Available data Start Marker

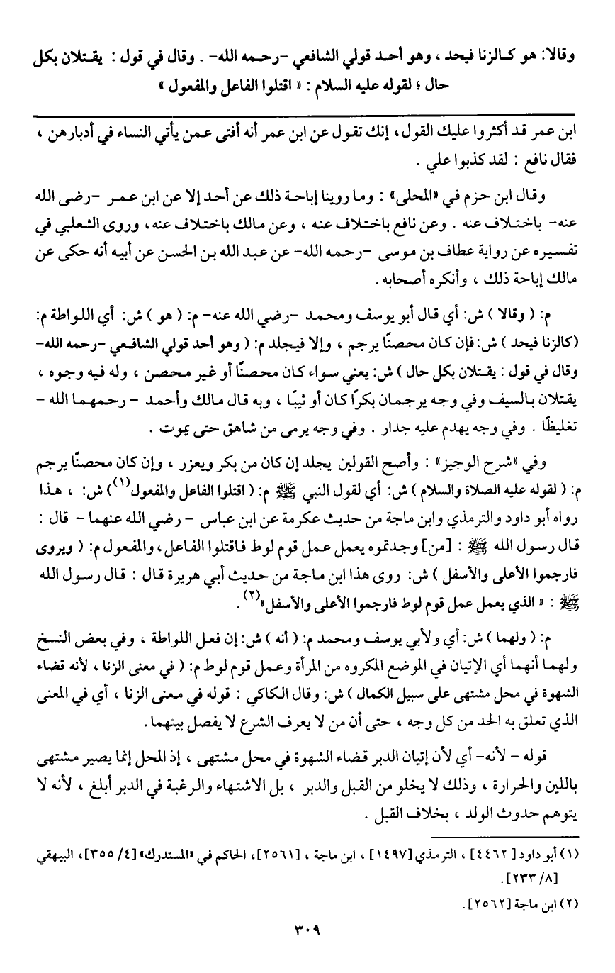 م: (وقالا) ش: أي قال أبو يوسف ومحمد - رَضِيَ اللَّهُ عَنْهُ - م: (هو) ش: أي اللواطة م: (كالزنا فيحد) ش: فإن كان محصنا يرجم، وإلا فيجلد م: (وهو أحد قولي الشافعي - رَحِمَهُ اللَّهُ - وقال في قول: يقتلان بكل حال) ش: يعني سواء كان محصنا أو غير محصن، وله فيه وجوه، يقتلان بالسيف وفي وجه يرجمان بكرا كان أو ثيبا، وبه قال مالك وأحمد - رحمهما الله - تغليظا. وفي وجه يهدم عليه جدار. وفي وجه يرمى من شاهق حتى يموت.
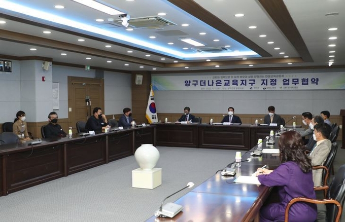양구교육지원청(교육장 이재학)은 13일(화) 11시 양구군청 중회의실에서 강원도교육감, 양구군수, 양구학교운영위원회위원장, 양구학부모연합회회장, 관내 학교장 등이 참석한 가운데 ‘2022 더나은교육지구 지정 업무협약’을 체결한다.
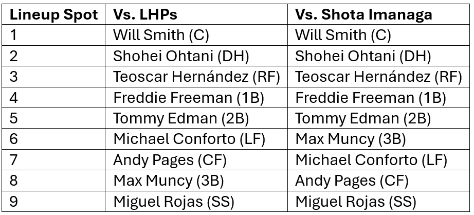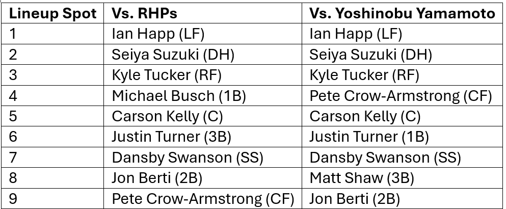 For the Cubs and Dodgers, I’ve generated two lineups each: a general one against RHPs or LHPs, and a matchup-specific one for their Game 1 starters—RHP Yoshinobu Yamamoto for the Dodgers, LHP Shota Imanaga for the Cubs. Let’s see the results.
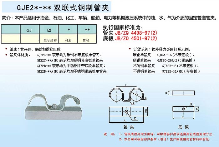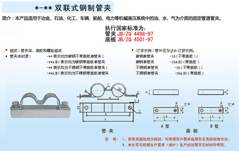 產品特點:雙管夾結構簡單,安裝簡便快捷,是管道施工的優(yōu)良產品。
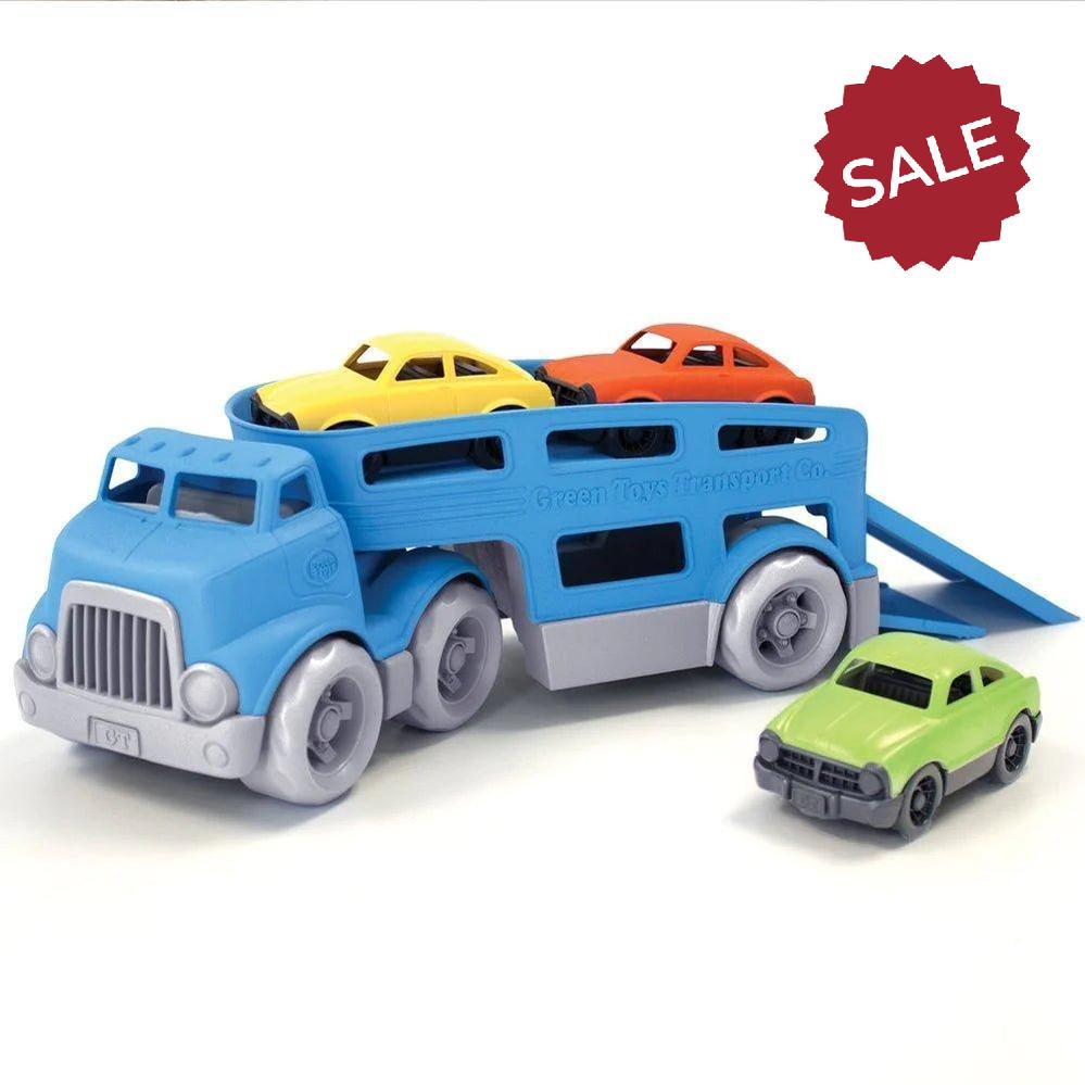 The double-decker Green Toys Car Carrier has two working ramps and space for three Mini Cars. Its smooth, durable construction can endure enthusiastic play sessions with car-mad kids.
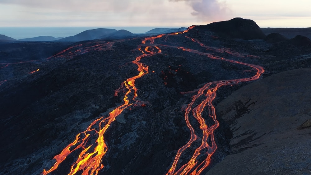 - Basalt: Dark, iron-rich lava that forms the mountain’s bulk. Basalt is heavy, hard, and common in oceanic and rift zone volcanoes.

Available data End Marker

Work to complete
When a picture appears in the material, please pass over it while retyping the rest exactly.

Result of this task
 م: (وقالا) ش: أي قال أبو يوسف ومحمد - رَضِيَ اللَّهُ عَنْهُ - م: (هو) ش: أي اللواطة م: (كالزنا فيحد) ش: فإن كان محصنا يرجم، وإلا فيجلد م: (وهو أحد قولي الشافعي - رَحِمَهُ اللَّهُ - وقال في قول: يقتلان بكل حال) ش: يعني سواء كان محصنا أو غير محصن، وله فيه وجوه، يقتلان بالسيف وفي وجه يرجمان بكرا كان أو ثيبا، وبه قال مالك وأحمد - رحمهما الله - تغليظا. وفي وجه يهدم عليه جدار. وفي وجه يرمى من شاهق حتى يموت.
양구교육지원청(교육장 이재학)은 13일(화) 11시 양구군청 중회의실에서 강원도교육감, 양구군수, 양구학교운영위원회위원장, 양구학부모연합회회장, 관내 학교장 등이 참석한 가운데 ‘2022 더나은교육지구 지정 업무협약’을 체결한다.
 For the Cubs and Dodgers, I’ve generated two lineups each: a general one against RHPs or LHPs, and a matchup-specific one for their Game 1 starters—RHP Yoshinobu Yamamoto for the Dodgers, LHP Shota Imanaga for the Cubs. Let’s see the results.
 產品特點:雙管夾結構簡單,安裝簡便快捷,是管道施工的優(yōu)良產品。
 The double-decker Green Toys Car Carrier has two working ramps and space for three Mini Cars. Its smooth, durable construction can endure enthusiastic play sessions with car-mad kids.
 - Basalt: Dark, iron-rich lava that forms the mountain’s bulk. Basalt is heavy, hard, and common in oceanic and rift zone volcanoes.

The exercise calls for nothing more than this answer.